**INFORMATION GIVEN**
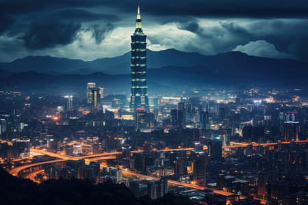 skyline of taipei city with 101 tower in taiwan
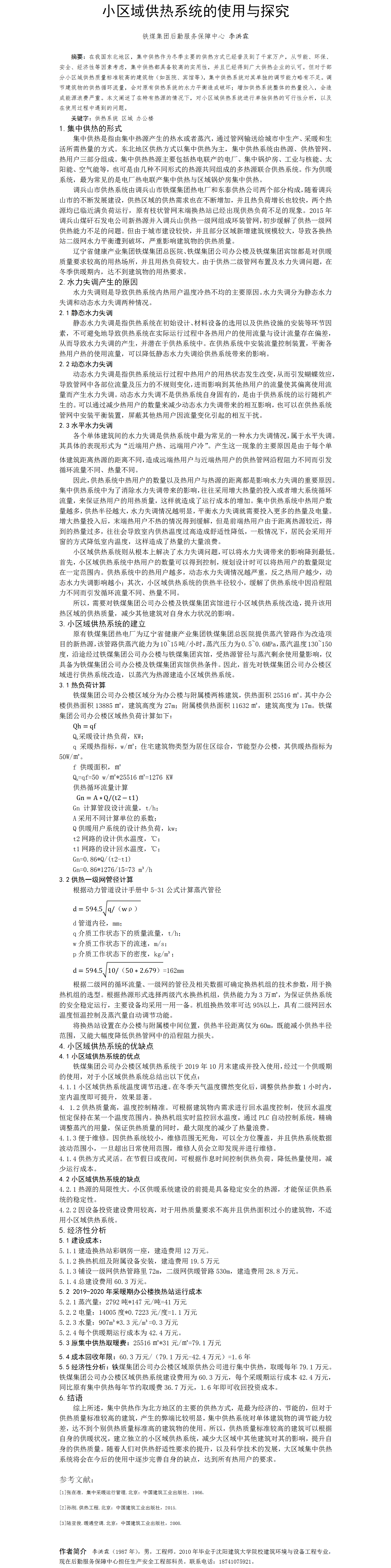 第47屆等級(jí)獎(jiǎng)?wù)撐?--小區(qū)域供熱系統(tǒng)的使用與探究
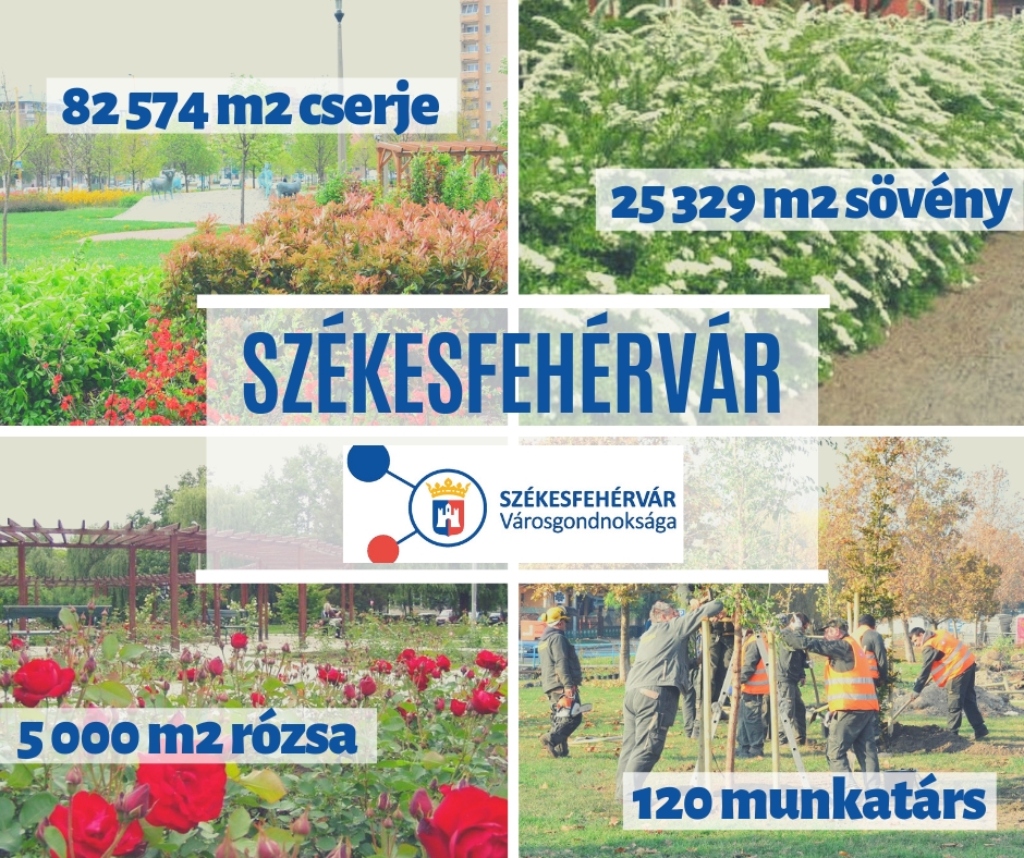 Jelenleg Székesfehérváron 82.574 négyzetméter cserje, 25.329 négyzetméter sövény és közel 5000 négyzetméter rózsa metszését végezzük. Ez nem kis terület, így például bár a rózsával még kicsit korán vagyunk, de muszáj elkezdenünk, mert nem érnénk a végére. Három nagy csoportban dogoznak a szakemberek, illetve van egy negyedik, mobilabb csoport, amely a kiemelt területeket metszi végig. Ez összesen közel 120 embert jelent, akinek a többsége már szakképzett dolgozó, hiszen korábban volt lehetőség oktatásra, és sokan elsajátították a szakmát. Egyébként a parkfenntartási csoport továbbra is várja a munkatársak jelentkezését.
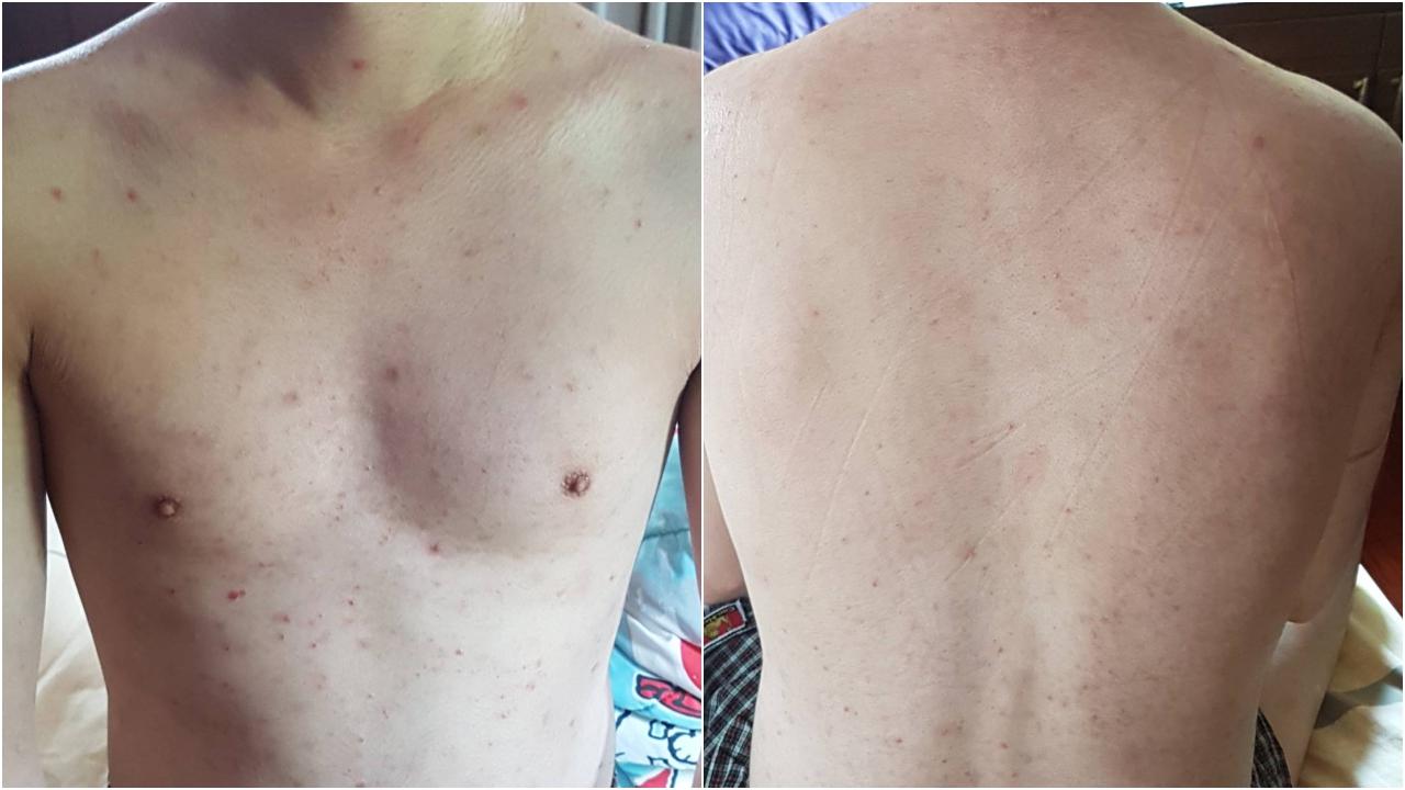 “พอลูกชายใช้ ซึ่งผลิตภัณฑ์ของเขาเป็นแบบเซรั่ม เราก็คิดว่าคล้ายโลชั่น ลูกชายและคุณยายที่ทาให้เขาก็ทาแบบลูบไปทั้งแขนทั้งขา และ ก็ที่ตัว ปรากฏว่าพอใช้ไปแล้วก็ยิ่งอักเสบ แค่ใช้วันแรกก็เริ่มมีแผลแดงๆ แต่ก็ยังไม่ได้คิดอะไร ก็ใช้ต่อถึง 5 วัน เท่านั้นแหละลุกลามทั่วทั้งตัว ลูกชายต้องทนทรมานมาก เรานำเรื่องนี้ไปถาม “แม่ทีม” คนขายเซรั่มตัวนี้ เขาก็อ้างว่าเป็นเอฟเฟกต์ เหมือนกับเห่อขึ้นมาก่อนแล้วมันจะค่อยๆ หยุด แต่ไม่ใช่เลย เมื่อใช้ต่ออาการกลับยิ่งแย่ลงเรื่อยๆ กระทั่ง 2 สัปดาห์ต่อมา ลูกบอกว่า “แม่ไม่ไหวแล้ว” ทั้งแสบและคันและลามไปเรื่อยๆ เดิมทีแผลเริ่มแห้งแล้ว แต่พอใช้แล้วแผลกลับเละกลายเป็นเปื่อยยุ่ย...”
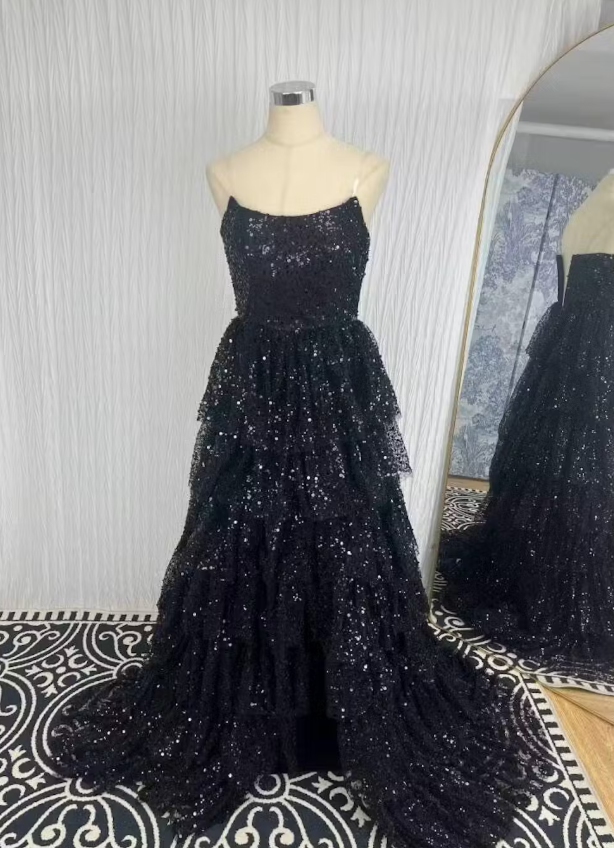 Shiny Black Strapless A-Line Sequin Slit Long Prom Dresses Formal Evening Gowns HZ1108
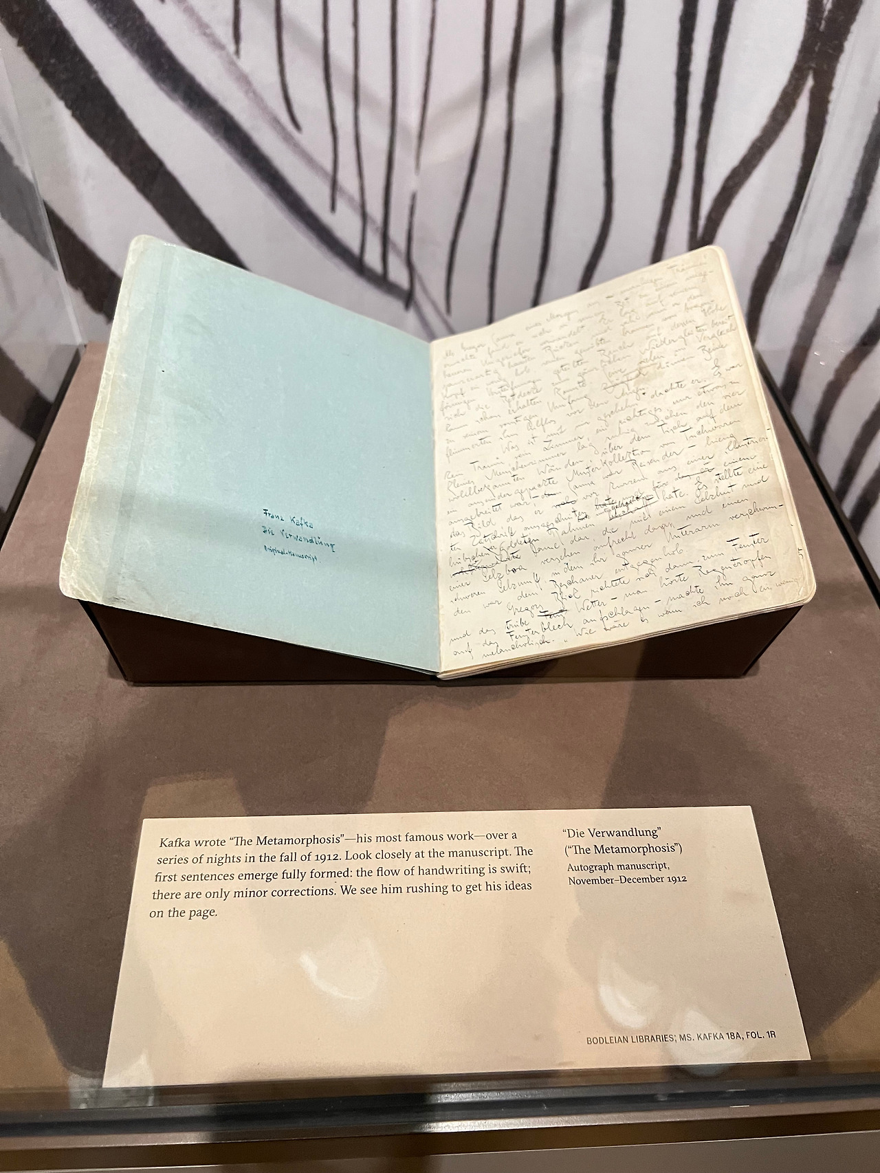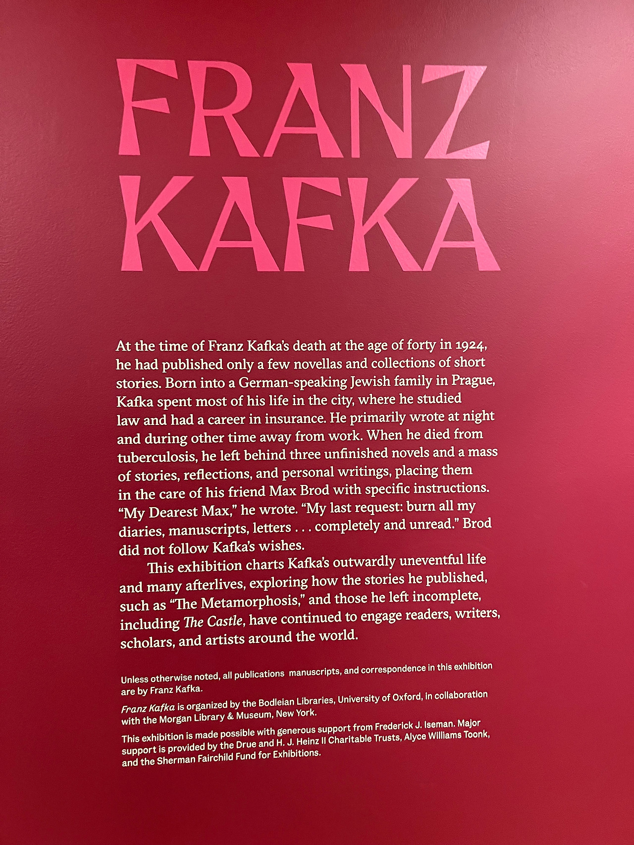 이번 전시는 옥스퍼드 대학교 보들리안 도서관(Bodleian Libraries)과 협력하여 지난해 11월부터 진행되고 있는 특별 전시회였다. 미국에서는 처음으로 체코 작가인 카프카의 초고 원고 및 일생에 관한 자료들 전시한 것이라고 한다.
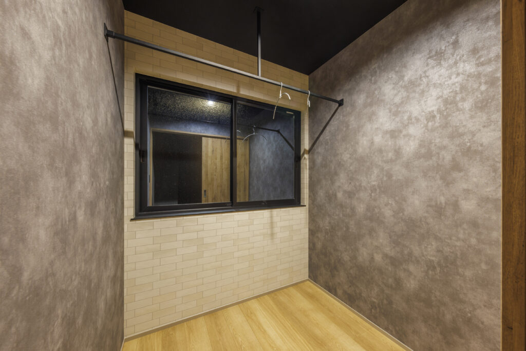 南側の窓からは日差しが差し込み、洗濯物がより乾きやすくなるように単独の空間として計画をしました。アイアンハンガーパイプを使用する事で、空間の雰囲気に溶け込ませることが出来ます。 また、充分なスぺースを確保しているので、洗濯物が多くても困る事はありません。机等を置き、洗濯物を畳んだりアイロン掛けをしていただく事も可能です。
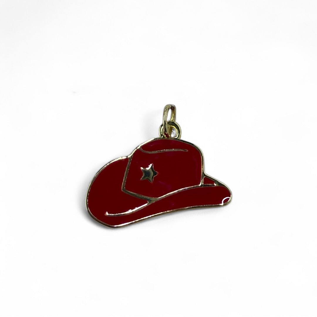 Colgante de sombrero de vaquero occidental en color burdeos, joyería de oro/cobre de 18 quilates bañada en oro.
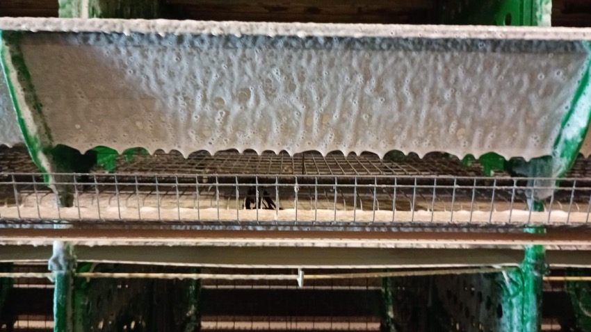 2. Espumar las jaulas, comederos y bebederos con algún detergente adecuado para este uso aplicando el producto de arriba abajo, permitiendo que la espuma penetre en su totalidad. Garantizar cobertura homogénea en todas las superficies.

**TASK TO CARRY OUT**
In the listing above, find the line with "Shiny Black Strapless" and output every line through the one with "Colgante de sombrero", exactly, without the pictures.

**WRITTEN ANSWER**
 Shiny Black Strapless A-Line Sequin Slit Long Prom Dresses Formal Evening Gowns HZ1108
 이번 전시는 옥스퍼드 대학교 보들리안 도서관(Bodleian Libraries)과 협력하여 지난해 11월부터 진행되고 있는 특별 전시회였다. 미국에서는 처음으로 체코 작가인 카프카의 초고 원고 및 일생에 관한 자료들 전시한 것이라고 한다.
 南側の窓からは日差しが差し込み、洗濯物がより乾きやすくなるように単独の空間として計画をしました。アイアンハンガーパイプを使用する事で、空間の雰囲気に溶け込ませることが出来ます。 また、充分なスぺースを確保しているので、洗濯物が多くても困る事はありません。机等を置き、洗濯物を畳んだりアイロン掛けをしていただく事も可能です。
 Colgante de sombrero de vaquero occidental en color burdeos, joyería de oro/cobre de 18 quilates bañada en oro.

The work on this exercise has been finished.